I 100% agree with 40New30 in this situation. I'd love to hear form Horton after a couple months of no orgasm sex or less orgasms and see what happens.
Continuous orgasms means your body doesn't have time to recover. And fix those circuits that have been abused from PMO and porn.
I think one of the problems that Horton is dealing with in addition to PIED is PE. And, be doesn't want to be in a sexless relationship for a long period of time. There are drugs he can take for PE...but most of them will contribute to further ED.
Horton, have you tried 5 HTP, tryptophan, or phenibut? Or low dose SSRI? Tramadol? They can all be really strong and come with side effects.
Yoga and meditation are completely work too, over time. When you have PE your nerves are in sympathetic dominance, anything to calm the nervous system will work to cure it.
Cold showers, vigorous exercise, these also work. Drinking caffiene should be off the table completely with PE. I believe Horton is a pretty avid runner. If the no O thing won't work unless he has to have control over his ejaculations.
I'm in a world of DE right now, so having sex and not O'ing is easy, if I had PE, well, I'm not sure what I would do. Hellish combination for a reboot. Marijuana can work for some, but is of course illegal.
It's a pickle.
I deal with PE a lot as well. It's rarely a 30 second thing but at times it feels like it could be. If I haven't had sex for say 5 days or so, some positions make me want to O very quick. I'll change to missionary...a position I can last longer at. What helps me to last is keeping my eyes focused on on her face and kissing (looking down at me thrusting or a very attractive part of hers makes me O faster). And I vary the pace as well.
Strangely when I was Mr. PMO and using ED drugs I had DE instead most of the time.
I almost hate to say this because it's not totally gone, but my PE is under way better control than it used to be.
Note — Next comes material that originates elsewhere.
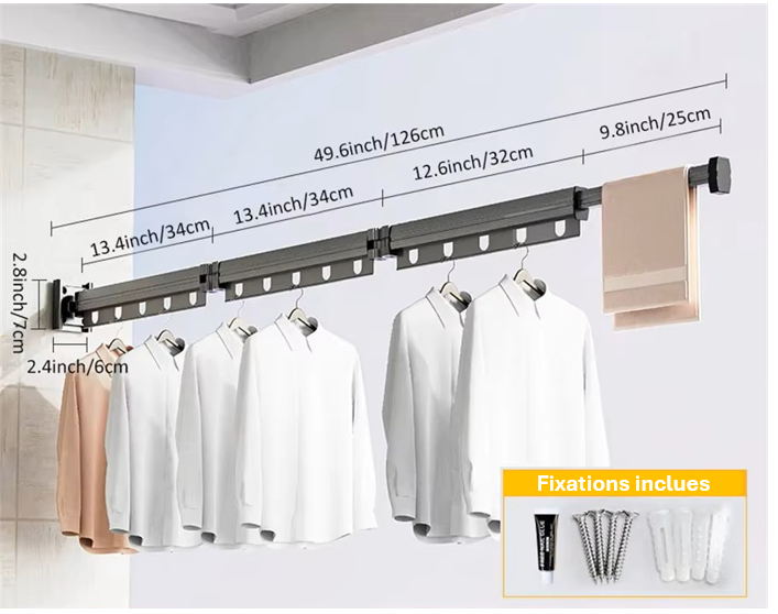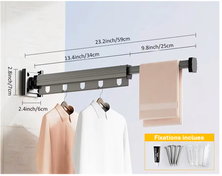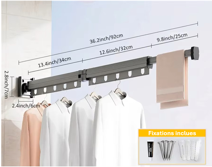 Grâce à son design pliable et mural, il s'intègre parfaitement dans les petits espaces tels que les balcons, salles de bain ou chambres, tout en restant discret une fois replié. Que ce soit dans un appartement, un hôtel ou une maison, il se fixe sans perçage grâce à un système adhésif puissant, ou avec des vis si vous préférez.

At least 80% of the time I'm able to have enough control to hold off until she finishes. It's fairly rare that I cannot any more. Sometimes she can finish pretty quick so I don't have to last long anyway, but once she gets hers, then I don't have PE any more ;-)
No other new progress. Erections with drugs work. Without, it's iffy.
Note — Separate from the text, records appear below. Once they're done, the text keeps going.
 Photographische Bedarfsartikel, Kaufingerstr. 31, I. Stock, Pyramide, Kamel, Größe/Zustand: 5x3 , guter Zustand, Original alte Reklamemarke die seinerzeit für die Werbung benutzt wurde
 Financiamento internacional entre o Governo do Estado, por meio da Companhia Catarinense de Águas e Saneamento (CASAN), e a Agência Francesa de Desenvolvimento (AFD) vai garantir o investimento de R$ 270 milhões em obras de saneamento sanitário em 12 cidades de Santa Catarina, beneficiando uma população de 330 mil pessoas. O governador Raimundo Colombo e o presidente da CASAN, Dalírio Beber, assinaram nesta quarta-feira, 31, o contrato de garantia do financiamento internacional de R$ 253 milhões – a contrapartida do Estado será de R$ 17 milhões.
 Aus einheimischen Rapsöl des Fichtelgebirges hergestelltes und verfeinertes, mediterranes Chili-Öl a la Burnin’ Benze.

Dude, that's awesome progress.
To be clear, I still have to pace things to keep the PE under control - it's not like I can just do whatever I want. But I'm able to at least through slow movements and pacing get my gf where she needs to be.
Example, last night: It's been 48 hrs since I took some Viagra and 72 since Cialis, so not sure if I still have those in my system or not. I always feel like they linger a long time with me. Anyway got hard messing around and got on top, and was able to move slowly and deliberately and get her off. Then we crashed and went to bed.
That's awesome! You seem to be in a much better place these days. I couldn't be happier for you. Would you say that you're a believer now that you could be fully cured at some point?
Interesting question...and I think at least right now the answer is still no. Not fully cured, and probably not even somewhat.
I still wonder if the times when I'm not using drugs but get erections are just from "leftover" drugs in my system. This week it was just 48 hours. Sometimes it's been maybe 4-5 days. But I feel like much longer than that, and things just wouldn't work at all. I guess I honestly don't know at this point because I haven't tried.
But I still think the damage is permanent. Even though function is improving due to meds, and maybe even sometimes without them, I can just feel there's something not right. It's hard to explain, but I know that things are still very far from normal, and in many ways not better than the start.
So....I think the answer is that I still believe I'll never be fully cured. I can't even say how far along I really am right now since I use the meds more often than not.
There are no scientific studies to support the theory that behavioral addiction brain changes are permanent, but there are lots of studies and anecdotal reports to the contrary. Have you read Doidge's book?